You want to grow your business and are looking for ideas. One opportunity you may want to look at is sustainable investing – where investors (and consumers) aim to make a positive impact on society and the environment by factoring environmental, social and governance (ESG) criteria into their investment and purchasing decisions.
How can you get involved in this trend? Yes, one option is to invest in it, but another is take those best practices and incorporate them into your business. Venture capital firms are investing more and more in companies that maintain socially responsible principles, while a growing number of consumers – particularly millennials – are shopping with their conscience.
PLANNING AND PURPOSE
While there is a common theme of pursuing a greater purpose, there is much variety within sustainable investment strategies, particularly in how they are implemented. Implementation generally takes the form of one or more of the following approaches.

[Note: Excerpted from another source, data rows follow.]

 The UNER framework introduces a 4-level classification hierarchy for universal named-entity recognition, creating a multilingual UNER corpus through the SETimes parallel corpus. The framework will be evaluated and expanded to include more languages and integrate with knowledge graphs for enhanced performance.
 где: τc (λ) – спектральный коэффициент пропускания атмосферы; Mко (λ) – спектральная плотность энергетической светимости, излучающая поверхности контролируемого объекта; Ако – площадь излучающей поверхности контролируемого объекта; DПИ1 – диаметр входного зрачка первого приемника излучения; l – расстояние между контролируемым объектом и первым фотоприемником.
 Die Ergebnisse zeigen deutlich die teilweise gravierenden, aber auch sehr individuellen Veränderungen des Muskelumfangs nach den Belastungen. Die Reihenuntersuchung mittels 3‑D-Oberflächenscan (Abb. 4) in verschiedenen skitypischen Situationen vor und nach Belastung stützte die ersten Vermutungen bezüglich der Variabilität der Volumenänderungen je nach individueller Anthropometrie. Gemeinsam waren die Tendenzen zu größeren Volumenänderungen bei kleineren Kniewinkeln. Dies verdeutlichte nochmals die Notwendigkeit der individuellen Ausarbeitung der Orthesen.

Also known as socially responsible investing or negative screening, this is viewed as the original approach to “responsible” investing. Basically, it excludes individual companies or entire industries from portfolios if their activities conflict with an investor’s values, such as fossil fuels, gambling or alcohol. This, of course, limits the investable universe, which could impact diversification of your portfolio.

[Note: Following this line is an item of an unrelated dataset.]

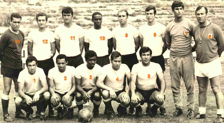Em cima: Soares; César; Jerónimo; Almeida; Abdul; Marçal. |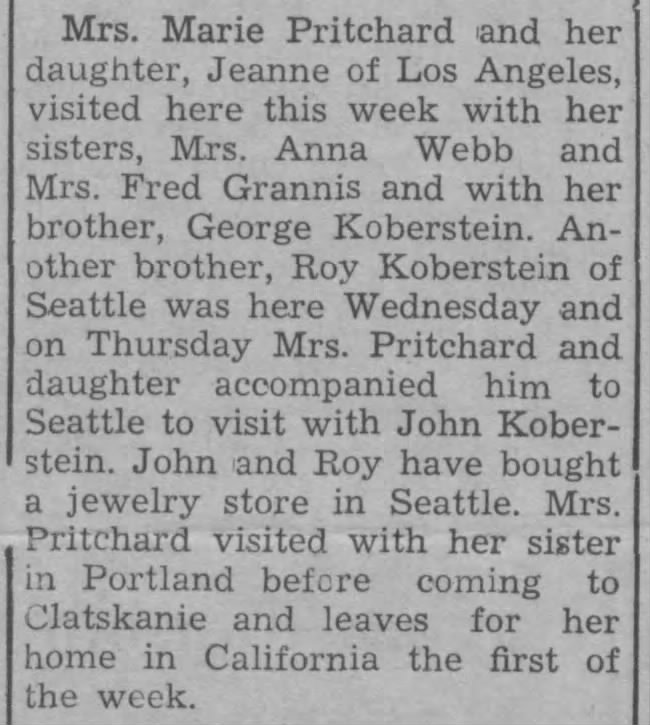| The Clatskanie Chief dated June 9, 1950 lists Mrs. Marie Pritchard and daughter Jeanne visiting from Los Angeles with family. | ![]() |

You could also apply this exclusionary approach to your business by, for example, dialing back any dealings with companies, industries or even vendors whose values don’t align with yours; encouraging your employees and clients to go paperless; recycling production materials when possible; making your workplace and office machinery more energy efficient; and engaging with the community for sustainable cause events.

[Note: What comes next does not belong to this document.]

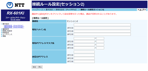 - 「基本設定」-「接続先設定(IPv4 PPPoE)」-[接続ルール設定]で、パケットの振り分けルールを設定する

This approach combines environmental, social and governance criteria with traditional financial considerations. It is sometimes implemented as a best-in-class approach by identifying and investing in companies that are the best ESG performers within a sector or industry group.
This approach aims to have a social or environmental impact alongside financial return, with a focus on the intentionality and measurement of the impact. The most common products are funds invested in private equity and venture capital, and accredited investors and funds are the leaders in impact investing by asset level1. With this approach, the liquidity risk and return target can vary dramatically.
Thematic investing focuses on a specific ESG theme, and structures portfolios around companies or industries that support that theme. Examples of such themes include clean energy, environmental protection, sustainable infrastructure, health and social equity.